EXERCISE: Give back the data below word for word. Any image in it should be left out.

DATASET EXTRACT:
*** Begin section ***

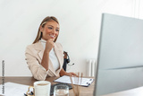Business woman, office and laptop at desk with online working, planning and creative work. Writer, thinking and ideas for article with reading and journalist employee at content creation agency.
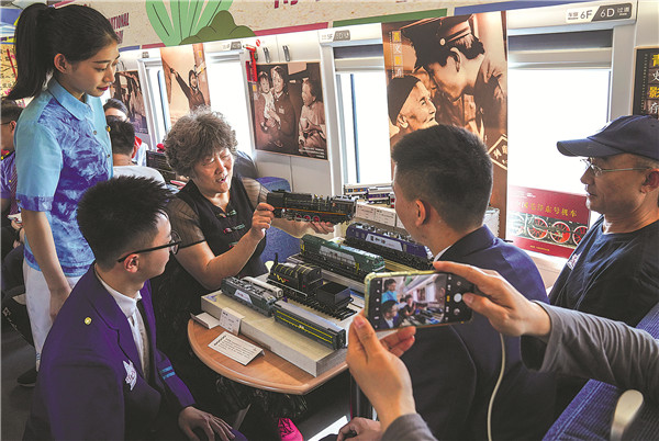 在国际博物馆日到来前,5月15日,在青岛北开往青岛北的G6955次环线列车上,旅客们惊喜地发现,他们不仅可以乘车到达目的地,而且可以尽情欣赏不同年代、不同专题的铁路文物。
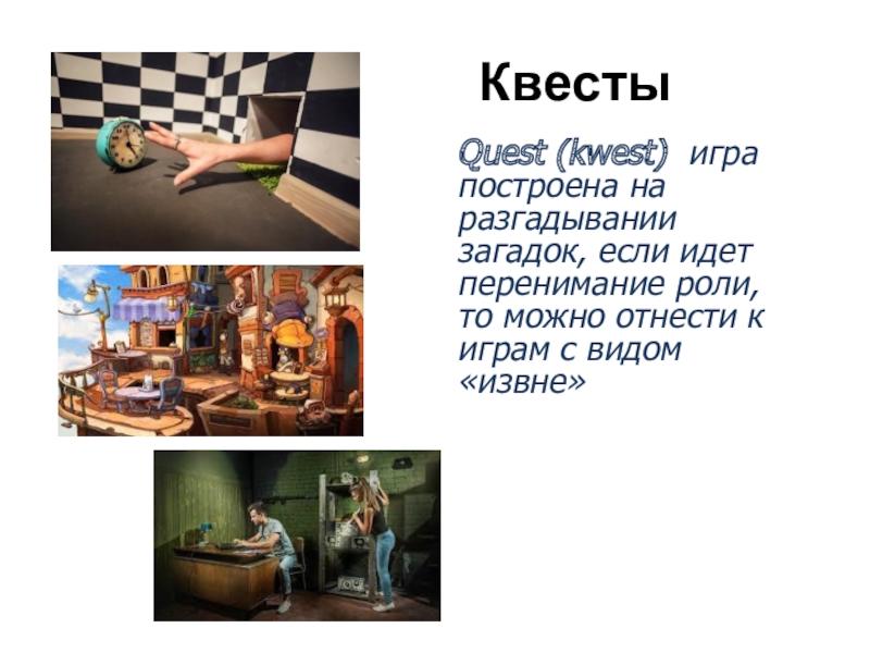 Quest (kwest) игра построена на разгадывании загадок, если идет перенимание роли,
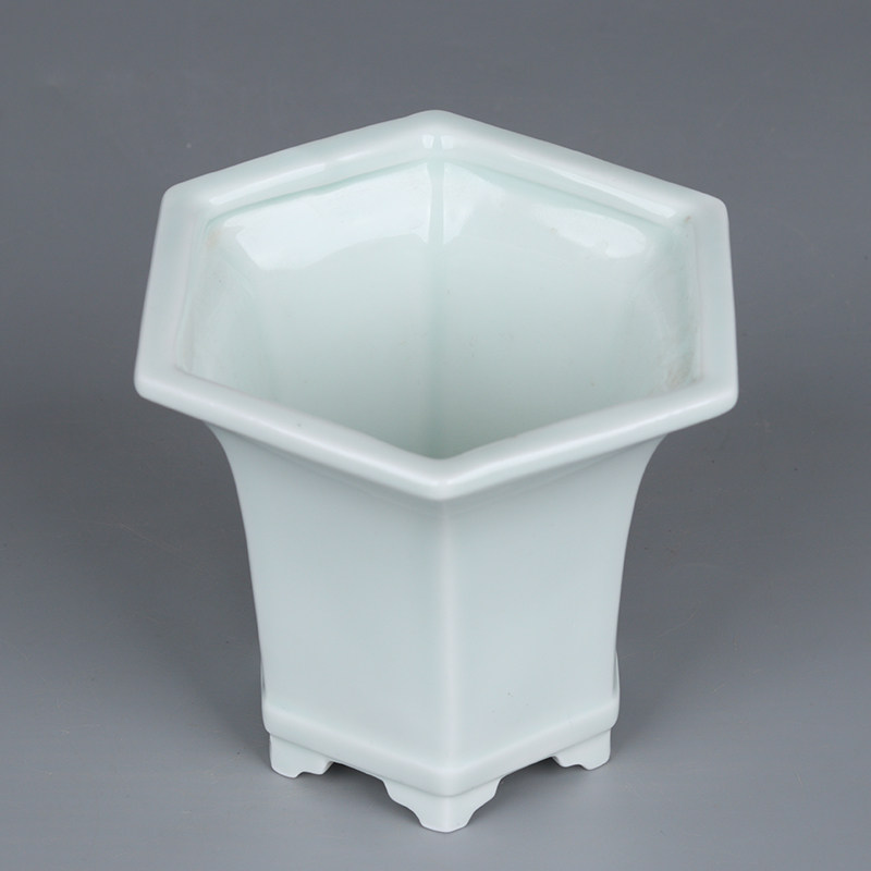 Jingdezhen Yingqing ceramic six square flower pot Imitation Song Dynasty vintage hexagonal small Chinese style classical small fleshy calamus basin
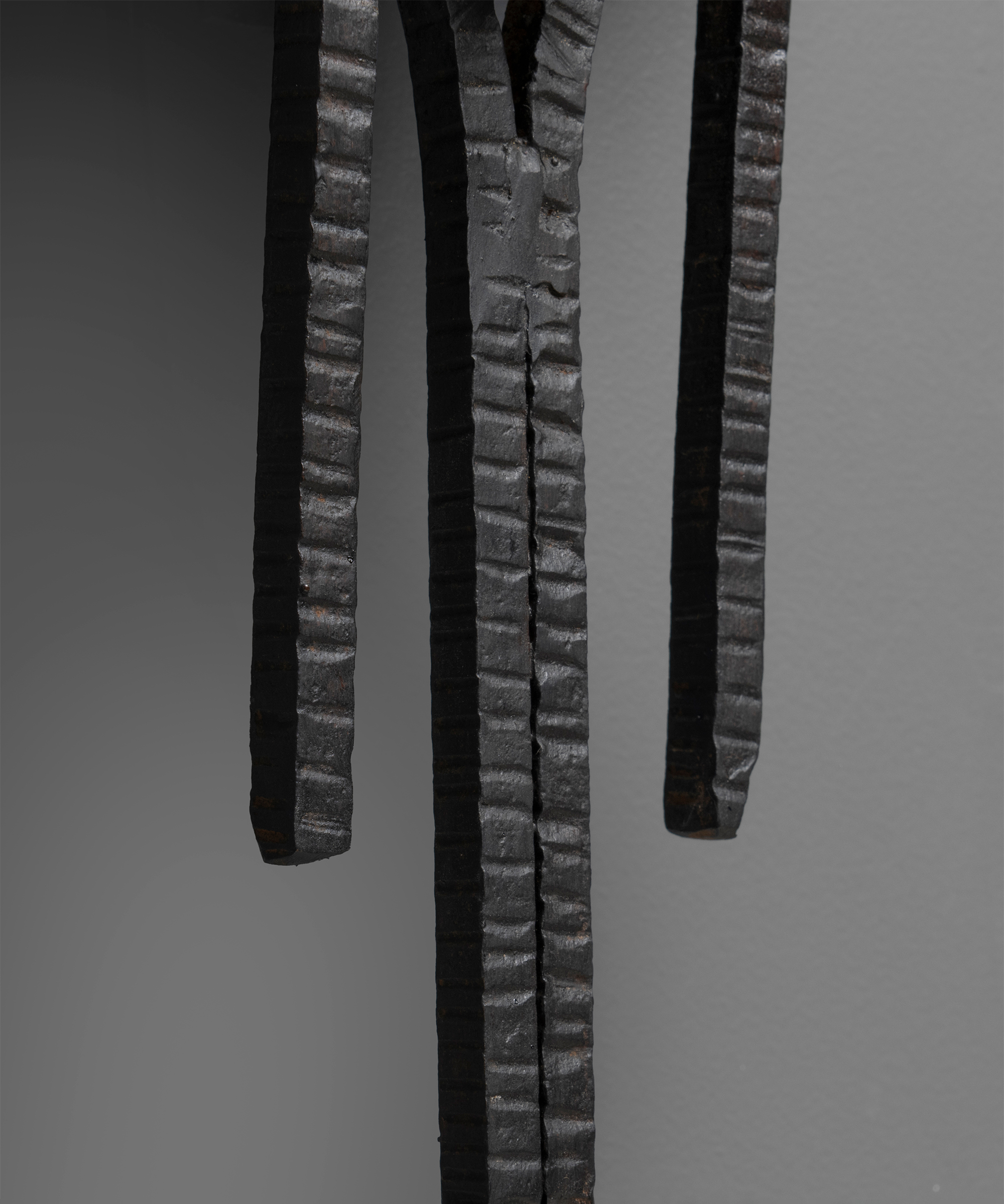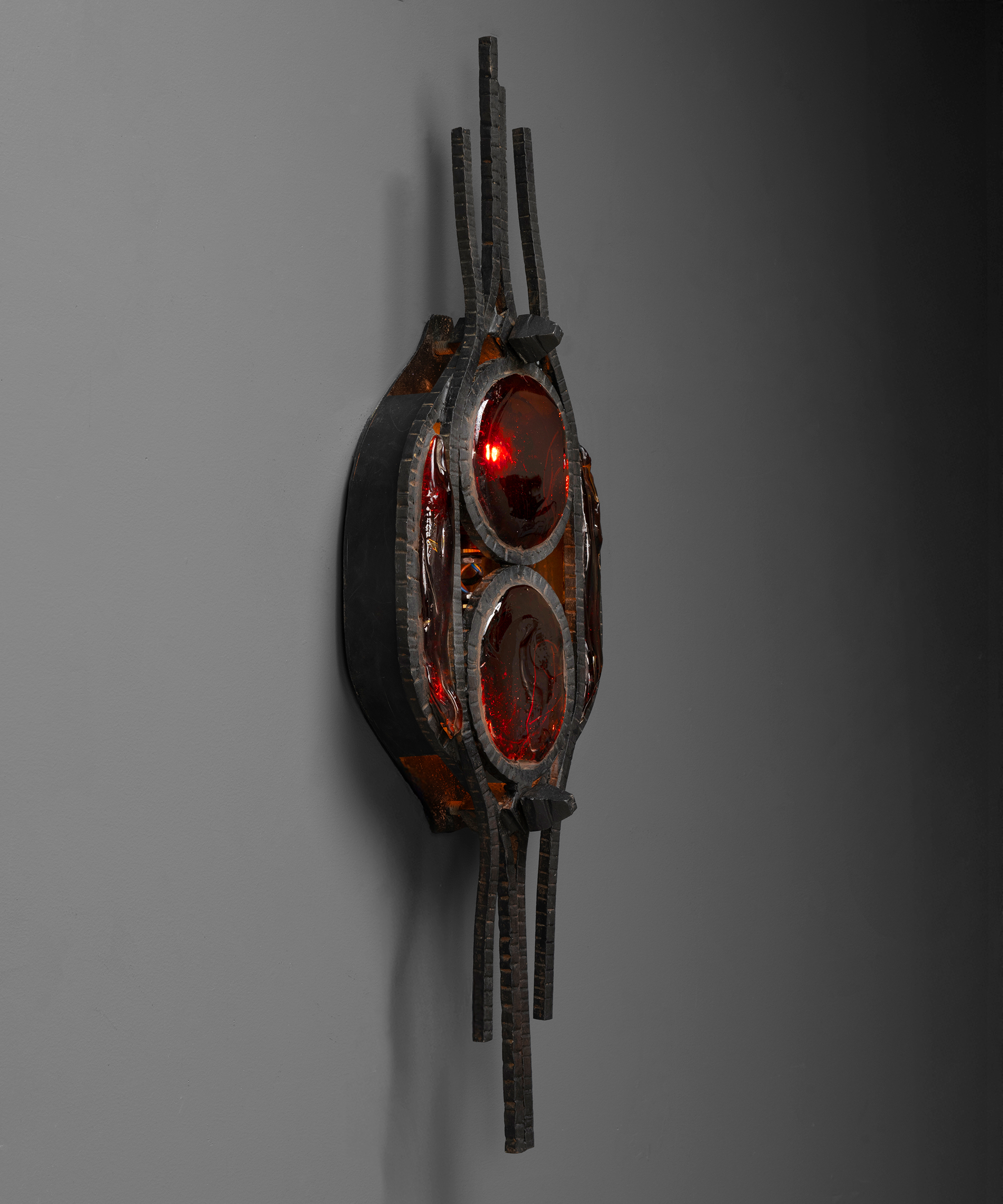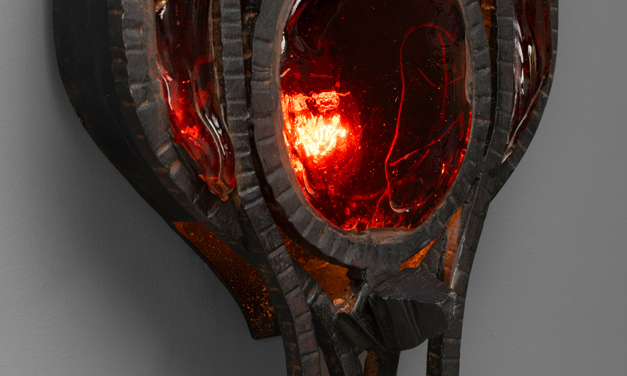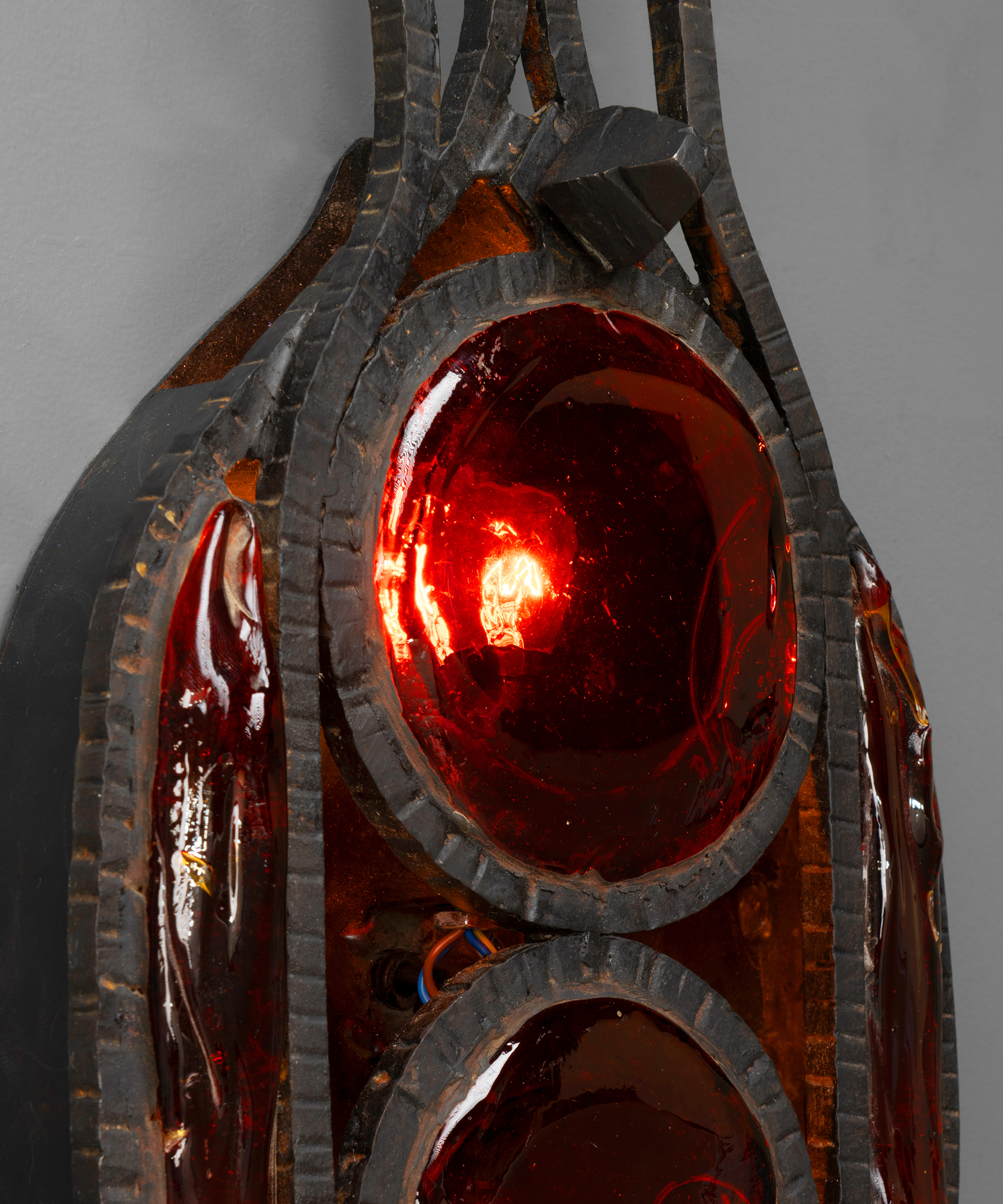 Brutalist iron sconces with red glass shades.
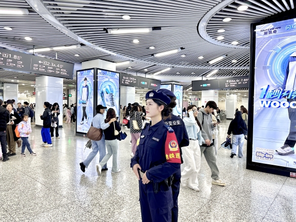 长沙市公安局公交治安分局民警在地铁口执勤。

*** End section ***

YOUR SOLUTION:
Business woman, office and laptop at desk with online working, planning and creative work. Writer, thinking and ideas for article with reading and journalist employee at content creation agency.
 在国际博物馆日到来前,5月15日,在青岛北开往青岛北的G6955次环线列车上,旅客们惊喜地发现,他们不仅可以乘车到达目的地,而且可以尽情欣赏不同年代、不同专题的铁路文物。
 Quest (kwest) игра построена на разгадывании загадок, если идет перенимание роли,
 Jingdezhen Yingqing ceramic six square flower pot Imitation Song Dynasty vintage hexagonal small Chinese style classical small fleshy calamus basin
 Brutalist iron sconces with red glass shades.
 长沙市公安局公交治安分局民警在地铁口执勤。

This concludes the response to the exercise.